Joining the company in 2006 as a merchandiser, Mohammad Nadim Haider Rouf rose up to the ranks quickly by contributing significantly in increasing the company’s (Bangladesh arm) turnover, which according to him is set to touch US $ 65 million soon. Today, Haider owns 50 per cent stake in Market Fit Dhaka and is its Managing Director.
“In 2010, Market Fit was sourcing everything basic. One of the measures I undertook was to introduce an in-house lab to help us do our own fabric testing, followed by introducing garment technician/pattern maker. Our sample selection has gone from strength to strength; from approval rate of 2 out of 20, it has improved to 10 out of 20 now. Moreover, we don’t source from a factory unless it is fully compliant one. We have our own code of conduct and send samples to the buyers at our own cost,” elucidates Haider, while mentioning that he sends his team every day to supervise whether factories are working according to the company’s directives or not.
Based out of Hong Kong, Market Fit Group is one of the pioneers of global apparel sourcing which began its operations as a family-owned business in 1974 and has steadily expanded across the world. It has marketing offices in the UK, France and Spain, besides sourcing entities in India, Pakistan, Vietnam, Shanghai, Cambodia, Istanbul and Bangladesh (Market Fit Dhaka). Despite the group’s principal domain being leather earlier, over the years it has shifted focus on apparels, dealing in diverse categories – womenswear, menswear, kidswear, sportswear, maternitywear, uniforms, etc. Catering to European markets alone, FOBs of Market Fit’s offerings are: for woven US $ 5-5.50, Tee shirts US $ 2, polos US $ 3-3.50, and for sweaters US $ 5-5.50.
“Bangladesh industry is still in the middle of development. We have a long way to go. Everything has a lifecycle and we still have 15-20 years to reach the pinnacle of that cycle,” reckons Haider, whose target now is to increase the turnover to US $ 100 million per year by the end of 2018. Haider, who is somewhat unsatisfied with the product design and development scenario in the Bangladesh apparel industry, has no immediate plans to explore new markets except for UK.

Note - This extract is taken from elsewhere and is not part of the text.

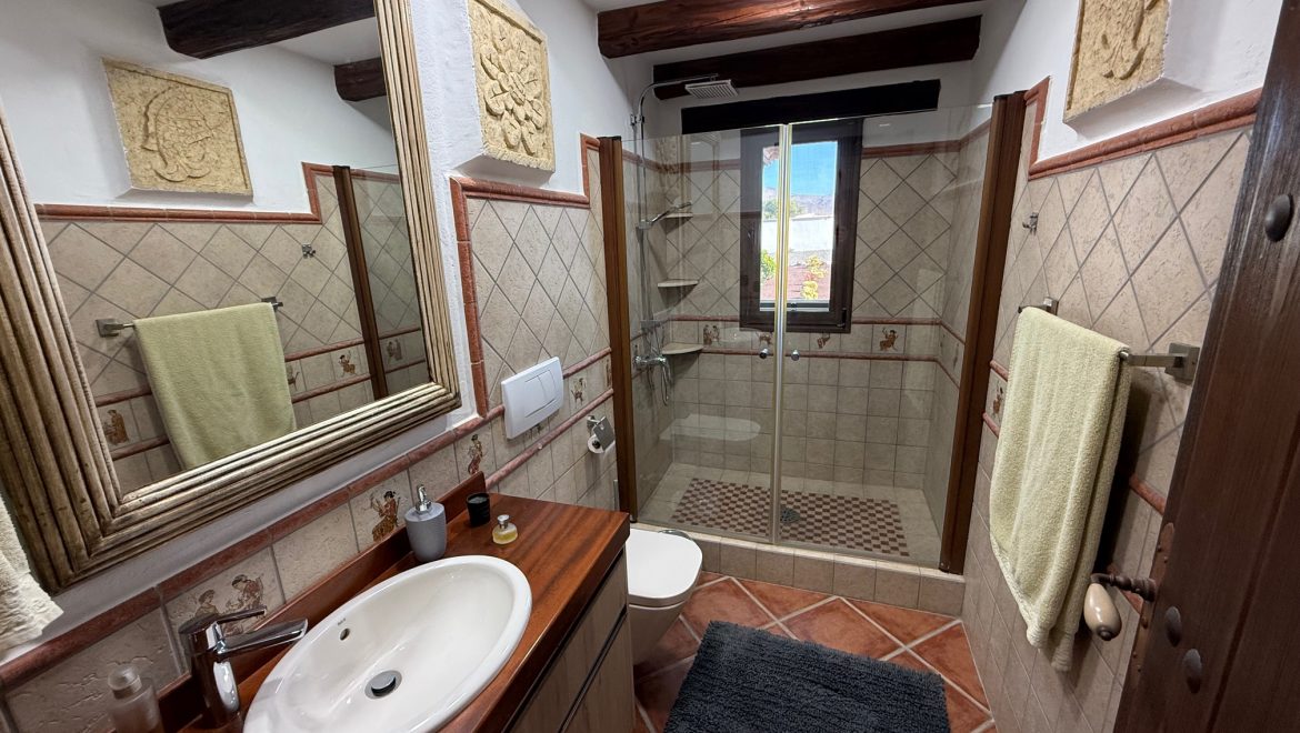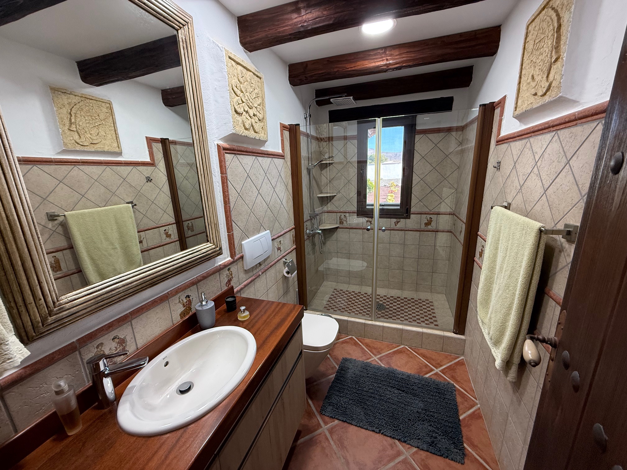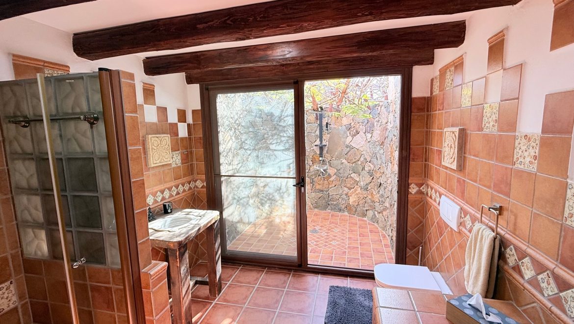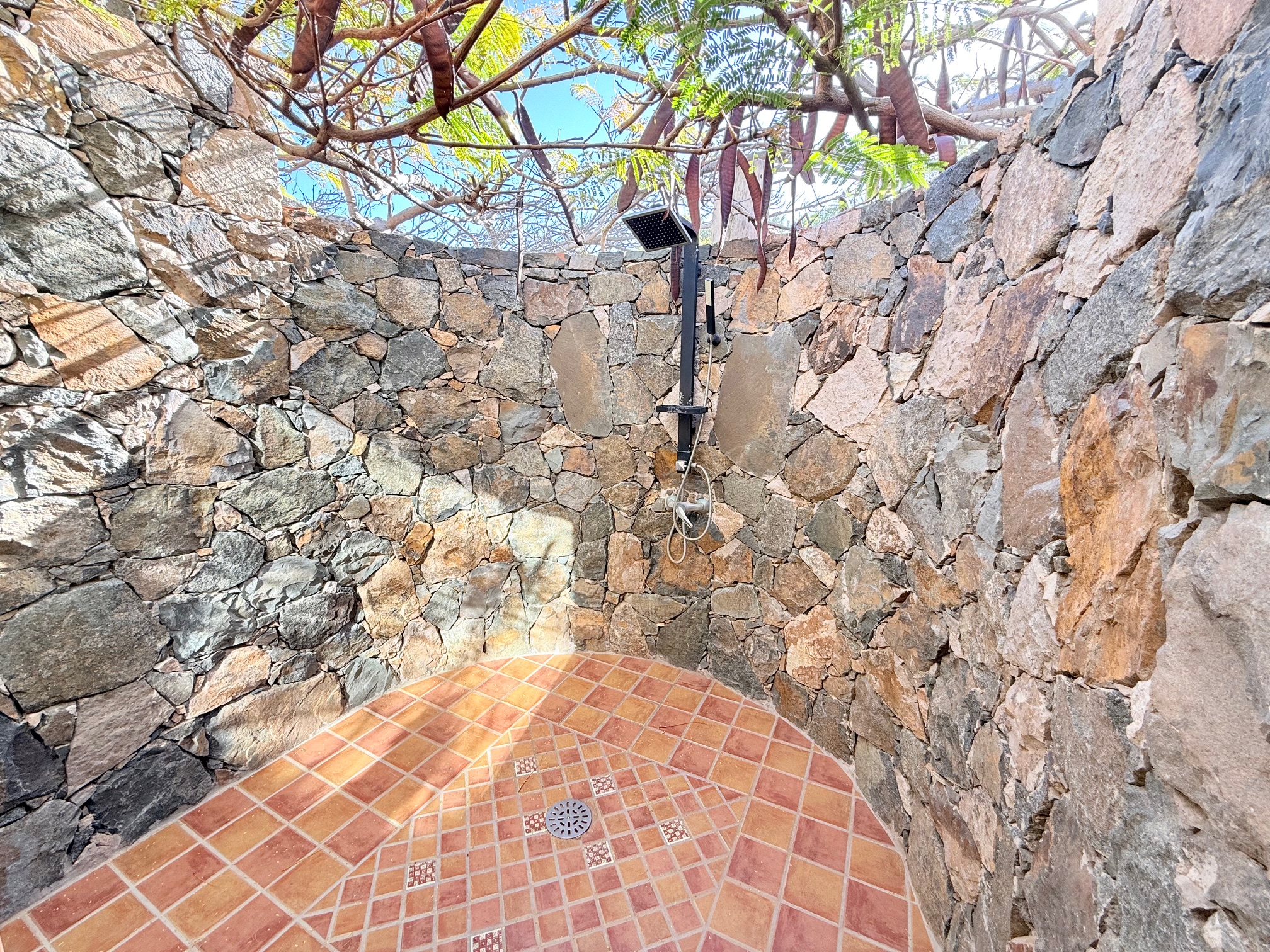 - Insgesamt 4 Badezimmer, mit Dusche sowie Master mit Badewanne, WC, Waschbecken, eines davon mit Outdoor-Dusche in Steinoptik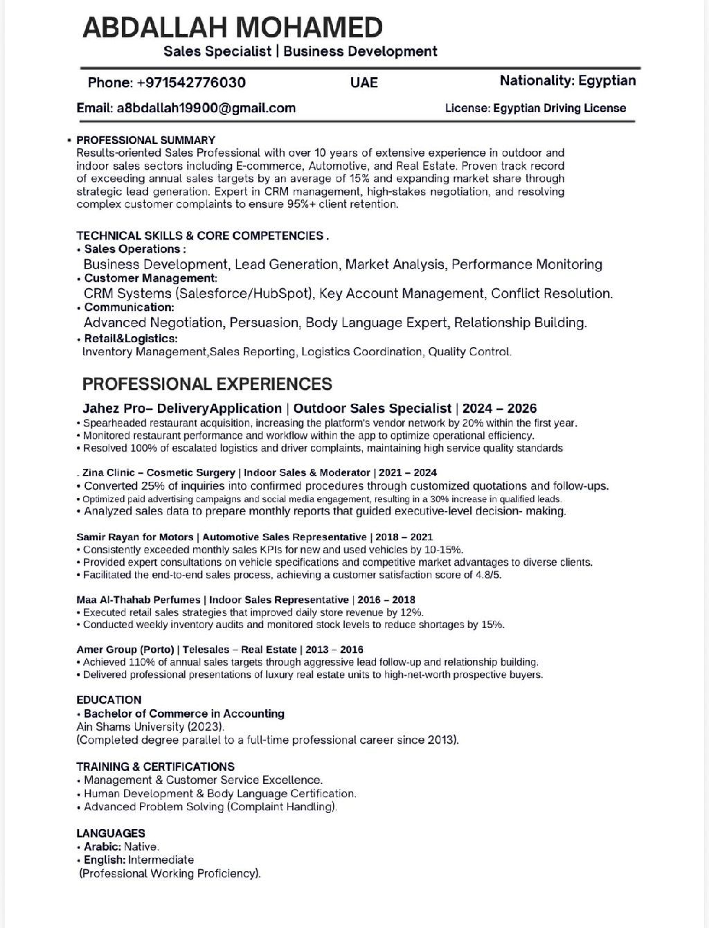 سيلز خبرة أكثر من 7 سنوات في أكثر من مجال

Underlining the challenges faced, Haider expressed concern over rising labour wages, lack of expertise in design and development and scarce availability of fabrics locally. “In fact, 70 per cent of the fabrics are still coming in from countries like China, Pakistan and India,” stated Haider, who attributed his success to hard work, honesty, respect and accountability, and dedicated the same to his mother.